I told you, she said. I wasn’t spending the night there.
Explain the rules. Dead? Not dead?
Explain an act of grace. I want my life returned to me. It’s mine. I’m taking it back.
And Parmentier? What about him?
He’s gone. We won’t be hearing from Jack again.
You and your father—
We’re not talking about it.
Minutes before she appeared he had taken an Oxcycontin for the recurrent pain low in his back; now, after such a day of aggravation unscrolled from the ease of their splendid morning, he felt incongruently mellow, sloppy with tenderness, pleased that she came to him regardless of what she ran from. Hey. Honey, he said. Look. Shh. Sitting down on the edge of the bed. It’s okay, I don’t care, none of that matters, and, suddenly queasy but painless, he floated back flat and loose and she responded as he might have hoped but for the bad timing of the opiate’s arrival in his bloodstream, leveling him out, deboned, Dottie occupying another spectrum of energy, recharged and moving forward, his jeans unbuckled and tugged from his legs. He fell asleep caressing her silky head, her mouth warm and wet around his grateful penis, startled upright in the morning by the room phone ringing, the operator announcing his wake-up call, Dottie undressed and clinging to his bare self from behind, mumbling, We have to get up, we have to get Daddy and take him to mass at St. Luke’s, and all Burnette could think to say was, Fuck all that tradecraft stuff, huh.

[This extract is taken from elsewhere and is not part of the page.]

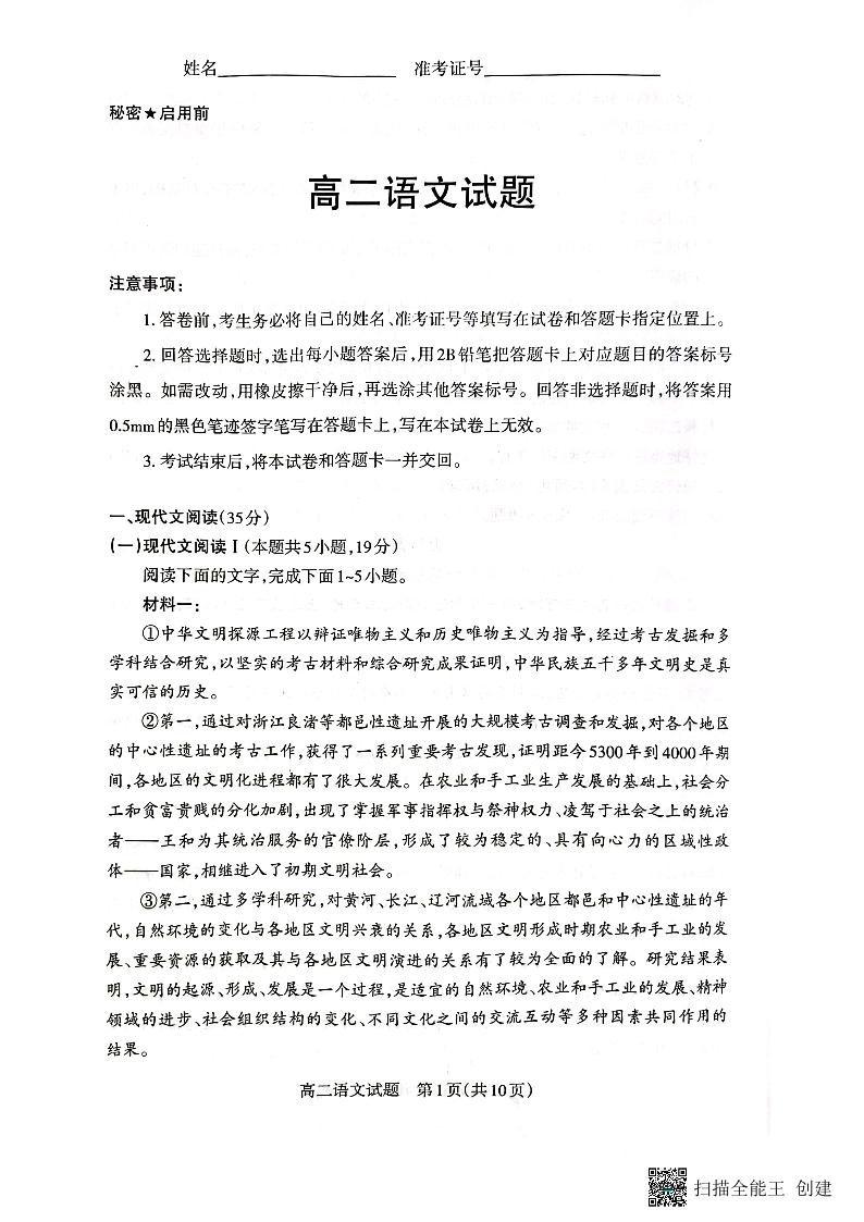 山西省朔州市怀仁市2023-2024学年高二上学期1月期末考试语文

Dottie keyed open the door to the town house to a sonic blastwave of Rigoletto playing top volume on the stereo from one of the upper floors, her father’s unfaltering tenor joined in a duet with the soloist, Dottie ascending the stairs and descending ten minutes later on her father’s arm, dressed for Sunday services but wearing a blonde shoulder-length wig and designer sunglasses, everyone behaving with the utmost circumspection, like coddled, overprotected amnesiacs, imminently vulnerable to the wrong word or careless action that might trigger the memory of old grievances, and so they drove to church like any other family carved away by time, incomplete in number and destined for further shrinkage, filing together reverently into their pew on Sunday morning.
Ev, Chambers stage-whispered, offhanded, wickedly, into Burnette’s ear, stepping close with jaunty arrogance as they walked back out into the sunshine an hour later. You fucking my daughter? He chuckled, one cocksman to another, and clapped Eville on the back and said, You lucky dog, and Eville gritted his teeth and impulsively placed his open hand on Chambers’s chest, over his gold necktie, his hand there and gone in an instant but the line irrevocably crossed, the slightest push of insolence, warning the undersecretary to never speak to him this way again.
Or you will strike me down, Ev? asked Chambers, his head tilted with a taunt of gleaming interest, and Burnette said, Yes, sir.
Dottie, ahead of them, turned around gaily and asked, What are you guys laughing about? and Eville, his face blanched and rigid, said, I’m not laughing, am I? But she laughed herself, scanning their confrontational expressions, ignoring them with a smirk, continuing to the car, not about to step between them.
They went to the Joshua Tree for brunch, an Agency hangout in McLean, where the undersecretary spent much of his time table-hopping among his fellow suits and their fleshy accessories,
the painted wives sipping mimosas, big-haired ladies smelling of Paris, his clubhouse laugh of affability bubbling through the atmospheric clatter.
He’s like the fucking mayor, isn’t he, said Eville.